Title: Big speedup in email message parsing
Type: performance
Components: email, Library (Lib) Versions: Python 3.5
Nosy List: ajaksu2, barry, holdenweb, lpd, r.david.murray, serhiy.storchaka
Created on 2005-07-23 22:07 by lpd, last changed 2022-04-11 14:56 by admin.

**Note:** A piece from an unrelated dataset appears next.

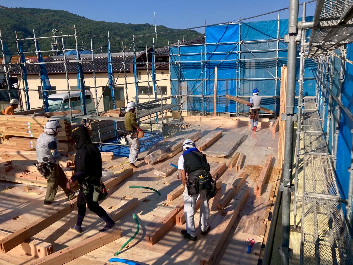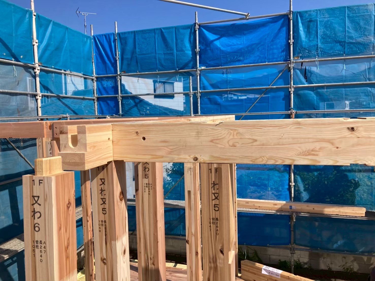 いつものように慣れた大工さんたちにより、着々と柱を組み上げていき、午前中には1階部分がほぼ組み合がりました。
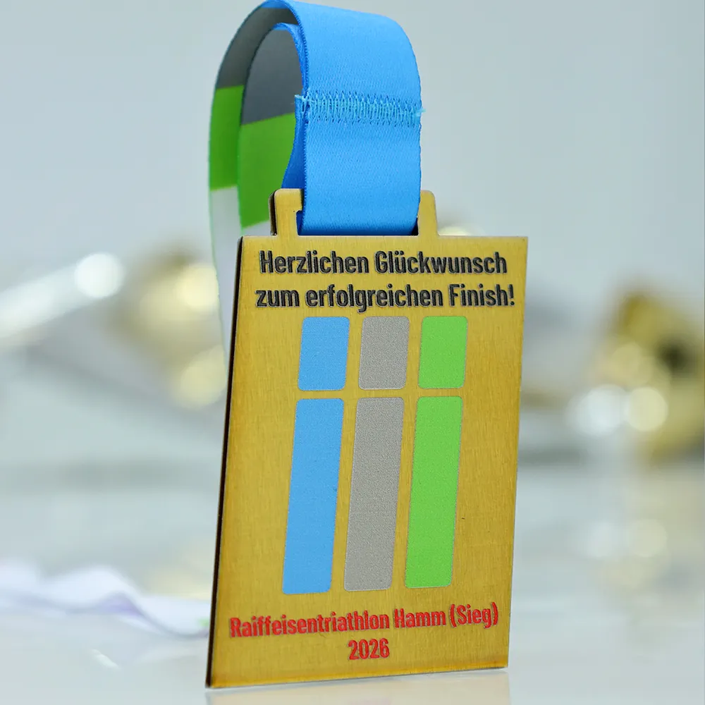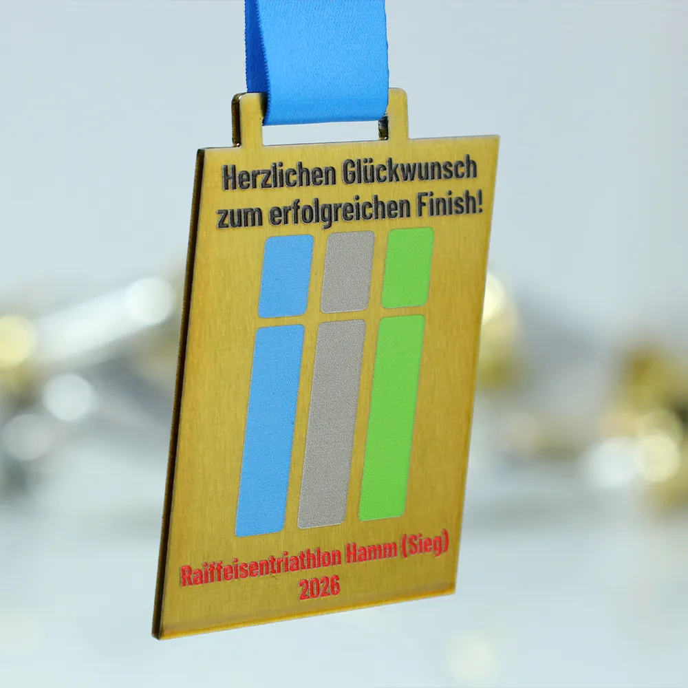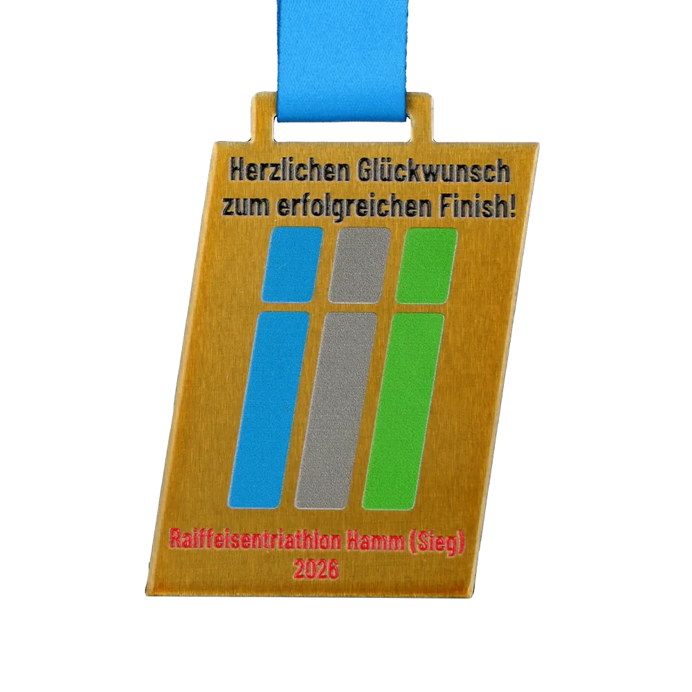 Le medaglie personalizzate progettate per il Raiffeisen Triathlon Hamm attirano lo sguardo con una forma obliqua insolita e un elegante abbinamento di acciaio dorato e nastro azzurro. Gli elementi grafici colorati e il nome dell'evento sono stati realizzati con stampa UV durevole, garantendo un'eccellente leggibilità.

Author: L. Peter Deutsch (lpd) Date: 2005-07-23 22:07
Python 2.4.1, Red Hat Linux 7.3.

Speeds up message parsing on files with large
attachments by approximately 4x, mostly by replacing
REs by direct string processing.
Author: Steve Holden (holdenweb) Date: 2006-05-25 22:55
Logged In: YES 

A first examinaation reveals no particular speedup on an
email with approximately 30 MB of attachments. Can the OP
perhaps provide some code and test data I could time to
verify the assertions of speedup? Otherwise I can't see much
point in applying the patch.
Author: Barry A. Warsaw (barry) Date: 2006-05-28 01:12
Logged In: YES 

Here's a slightly better version, cleaned up for style and
applicable to Python 2.5 (which is the only place I'd feel
comfortable applying it).  I've verified that this provides
about a 3x speed up at least for some messages with really
big attachments.
Author: R. David Murray (r.david.murray) Date: 2010-12-27 17:17
Since this is a performance hack and is considerably invasive of the feedparser code (and needs updating), I'm deferring it to 3.3.
Author: Serhiy Storchaka (serhiy.storchaka) Date: 2013-03-14 20:46
Test fails with stack overflow:

ERROR: test_pushCR_LF (email.test.test_email.TestIterators)
FeedParser BufferedSubFile.push() assumed it received complete
Traceback (most recent call last):
  File "/home/serhiy/py/cpython2.7/Lib/email/test/", line 2585, in test_pushCR_LF
  File "/home/serhiy/py/cpython2.7/Lib/email/", line 140, in push
    parts = _splitlines(data)
  File "/home/serhiy/py/cpython2.7/Lib/email/", line 170, in _splitlines
  File "/home/serhiy/py/cpython2.7/Lib/email/", line 170, in _splitlines
RuntimeError: maximum recursion depth exceeded